AI Article Synopsis

  • Cardiovascular diseases are the leading cause of death in patients with hereditary angioedema due to C1-inhibitor deficiency (HAE-C1INH), often exacerbated by long-term treatments like attenuated androgens that can increase cardiovascular risk.
  • A case study of a 56-year-old HAE-C1INH patient with numerous health issues, including kidney impairment and hypertension, showcased a successful transition from traditional androgen therapy to the modern treatment, lanadelumab, starting in 2020.
  • After beginning lanadelumab, the patient saw no angioedema attacks, experienced a decrease in cardiovascular risk factors like cholesterol and body mass index, and improved overall health outcomes, indicating this treatment's effectiveness and safety.

Article Abstract

Introduction: Cardiovascular pathologies represent the first cause of death in uremic patients and are among the leading causes of mortality in patients with hereditary angioedema due to C1-inhibitor deficiency (HAE-C1INH).

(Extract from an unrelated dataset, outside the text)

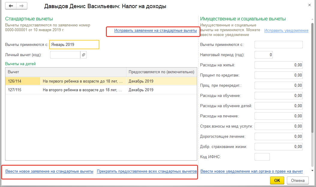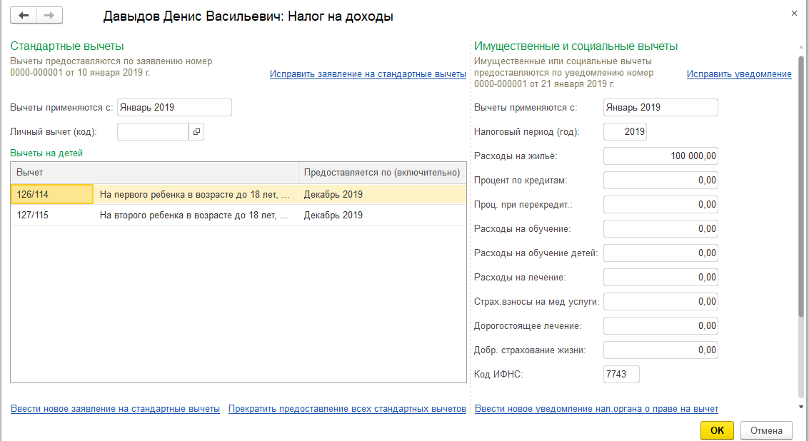 После проведения заявления на вычет форма налога на доходы изменится: в ней будут отображаться данные о предоставленных вычетах, а также будет возможность исправить либо прекратить вычеты по соответствующим ссылкам.
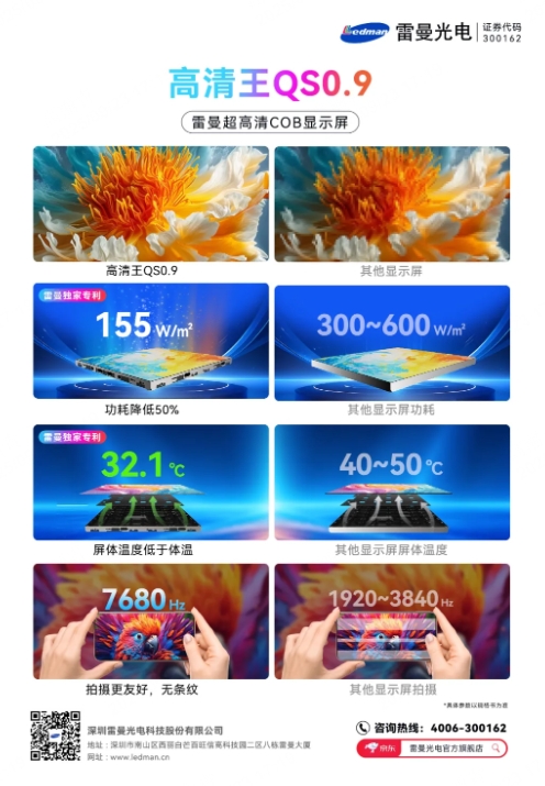 此型號產品匯集雷曼光電十多項前沿技術和專利,切入日益增長的超高清0.9mm間距COB超高清大屏市場,廣泛應用于各類高清專業大屏顯示、商業大屏顯示,高貴不貴,在保證超高清顯示的前提下,價格更親民,能耗節省50%,屏體溫度低于體溫,高刷新率讓拍攝效果更好,低溫讓產品壽命更長,還有其他更多獨有優勢!

Before 2020, the most common treatment for long-term prophylaxis in HAE-C1INH patients in Italy was attenuated androgen, which may increase cardiovascular risk by multiple mechanisms.

Case Description: We present a case report of a 56-year-old patient with HAE-C1INH type I affected by IgA nephropathy with severe kidney impairment. The patient experienced a first kidney transplant and, after late rejection, underwent a second kidney transplant. Further comorbidities included obesity, hypertensive cardiomyopathy, HCV liver disease, and dyslipidemia. His prophylactic therapy to prevent angioedema attacks had consisted of attenuated androgens for about 40 years. Since 2020, new modern targeted therapy for LTP, particularly lanadelumab, has shown promising results. The majority of patients with attenuated androgens have been successfully switched to lanadelumab, including our patient. Since introducing lanadelumab (300 mg subcutaneously every two weeks; after a six-month attack-free period, the dosing interval of lanadelumab was extended to four weeks), the patient has not experienced any acute HAE attack and did not report any adverse events. Moreover, we observed decreased total cholesterol, C-LDL, and body mass index, reducing the Matsushita et al. score for ten years of cardiovascular risk from 13.2% to 9.3%.

Conclusion: lanadelumab is effective and safe in preventing hereditary angioedema attacks, as well as in reducing cardiovascular risk in an immunosuppressed patient with significant comorbidities. The successful outcomes of this case highlight the potential of lanadelumab as a promising prophylactic therapy.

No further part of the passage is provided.